Uganda Town Mandates Rainwater Tanks to Stop Flooding
Kasese, Uganda is requiring all homeowners to install rainwater collection systems by August 2026, turning a flooding problem into a water conservation solution. The town-wide initiative could save thousands in repair costs while protecting homes and roads from storm damage.
A town in Uganda is transforming its flooding crisis into an opportunity for smarter water use, one rooftop at a time.
Kasese Municipality has given all property owners until August 2026 to install rainwater harvesting systems on their homes. The mandate aims to stop the destructive cycle of floods and erosion that has plagued the rapidly growing town for years.
Every rainy season, water rushing off rooftops carves deep gullies into roads, threatens homes, and overwhelms drainage systems. The damage has cost the local government heavily in repairs, with crews constantly fixing destroyed roads and bridges.
Evelyn Mugume, the town's Senior Environment Officer, says the problem got worse as Kasese expanded. More buildings without proper water collection meant more runoff flooding into streets during storms.
The solution draws on a 2019 national building code that already requires rainwater harvesting systems for all homes. Kasese is now enforcing what was already law, asking residents to capture rain from their roofs either in storage tanks or through systems that let water soak back into the ground.

The Ripple Effect
The benefits extend far beyond flood prevention. Families who install tanks will have free water for gardens, cleaning, and household use during dry periods.
The town expects the systems to take pressure off overwhelmed drainage channels while cutting the money spent on emergency repairs.

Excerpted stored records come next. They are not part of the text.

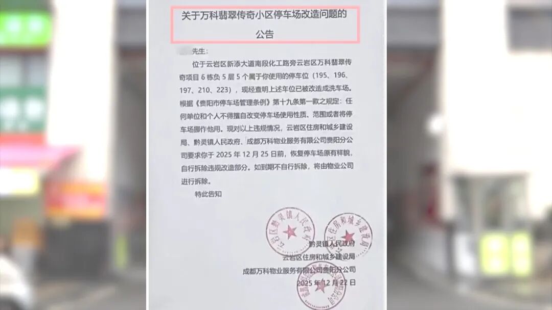 现场办公会结束后,云岩区住房和城乡建设局、云岩区黔灵镇人民政府及小区物业公司于2025年12月22日联合向车位改造方发布了《关于万科翡翠传奇小区停车场改造问题的公告》。公告明确指出,位于该小区6栋负5层的五个车位经查明已被改造成洗车场,该行为违反《贵阳市停车场条例》第十九条第一款“任何单位和个人不得擅自改变停车场使用性质、范围或者将停车场挪作他用”之规定。要求于2025年12月25日前恢复停车场原貌,自行拆除违规改造部分。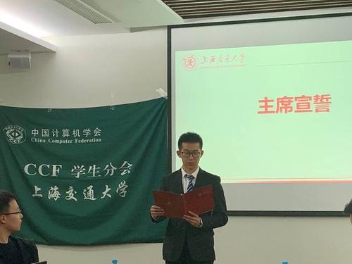 CCF上交大学生分会主席范晓宁进行就职宣誓并发言。他表示将会与执委会一起,竭尽全力为学生会员服务,积极履行职责,发挥资源优势,办有质量、有态度的学术活动,更好地聚集优秀的学生力量。CCF上交大学生分会候任主席、学生代表廖子墨对学生分会的未来发展和活动筹办表示了期待,希望能够与学生会员们一起发展,共同进步。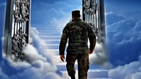 Солдат проходить крізь райські ворота в одному відео, створеному штучним інтелектом (Зображення: Vkvideo/Офіційне прощальне відео)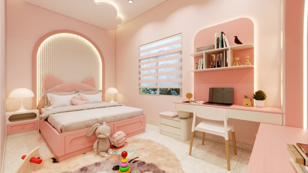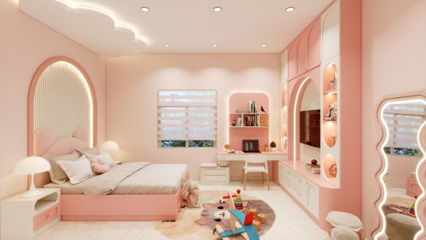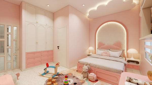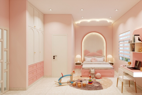 - Mẫu thiết kế phòng ngủ cho bé gái này mang hơi thở nhẹ nhàng, tinh tế trong từng chi tiết. Nội thất phòng ngủ bé gái được phối với 2 gam màu trắng hồng xinh xắn kết hợp cùng thi công trần thạch cao hình đám mây trôi lững lờ mang lại cảm giác ấm áp khiến bé có những giác ngủ ngon và mơ những giấc mơ đẹp.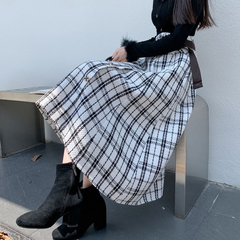 クラシカルなチェック柄ツイードを使用した、上品さ漂うフレアスカート。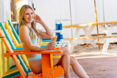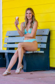 Wspaniała brunetka model bikini cieszy się lodami podczas relaksu w wiosennej pogodzie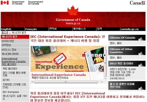 캐나다 워킹홀리데이 신청시작..캐나다 대사관 홈페이지 폭주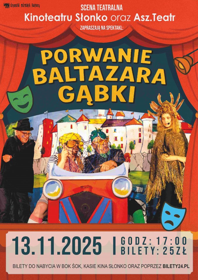 Scena teatralna Kinoteatru Słonko oraz Asz.Teatr zapraszają na spektakl „Porwanie Baltazara Gąbki”.
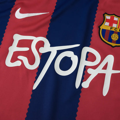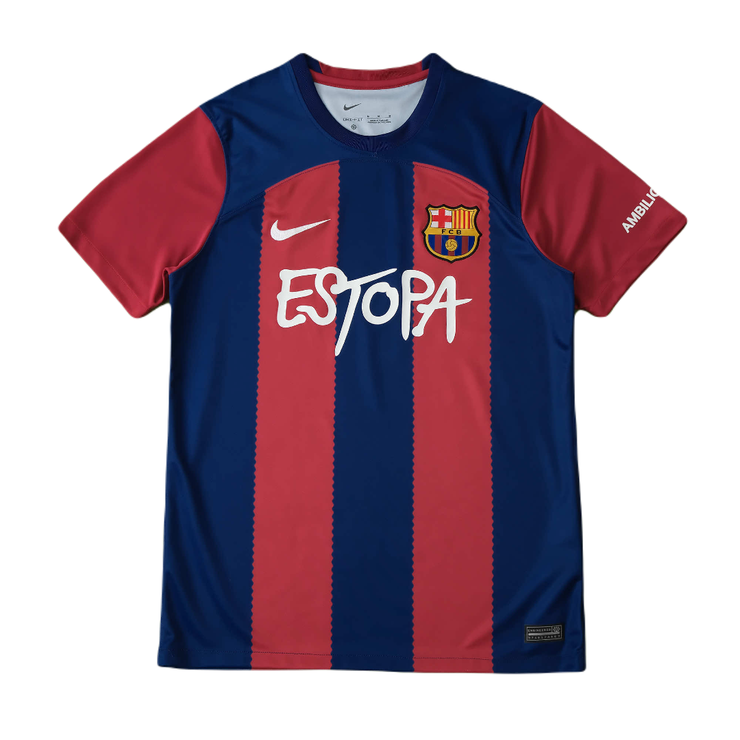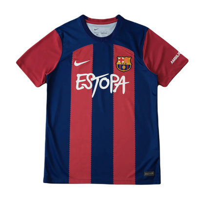 Get ready to support Barcelona in style with their 23/24 "Estopa" Jersey. Catalan giants FC Barcelona and Spotify revealed a special sponsor logo to celebrate Estopa dropping their new album on Spotify. Therefore, FC Barcelona's soccer jersey features the classic Estopa logo. This Barcelona Kit is made from high-quality materials & features a sleek and modern design.

That freed-up budget could go toward other community needs instead of fixing the same washed-out roads year after year.
Municipal authorities are treating this as both an environmental protection measure and a climate resilience strategy. Low-lying neighborhoods that flood repeatedly will see the biggest relief as thousands of rooftops stop sending water directly into the streets.
The directive also promotes what officials call sustainable water management at the household level. Instead of treating rainfall as a problem to drain away, residents can view it as a resource to capture and use.
Compliance officers are working with homeowners to meet the August 2026 deadline. The town is positioning the requirement not as a burden but as an investment in protecting both private property and shared infrastructure.
For a municipality tired of watching the same destructive pattern repeat each rainy season, the solution was hiding in plain sight above every building.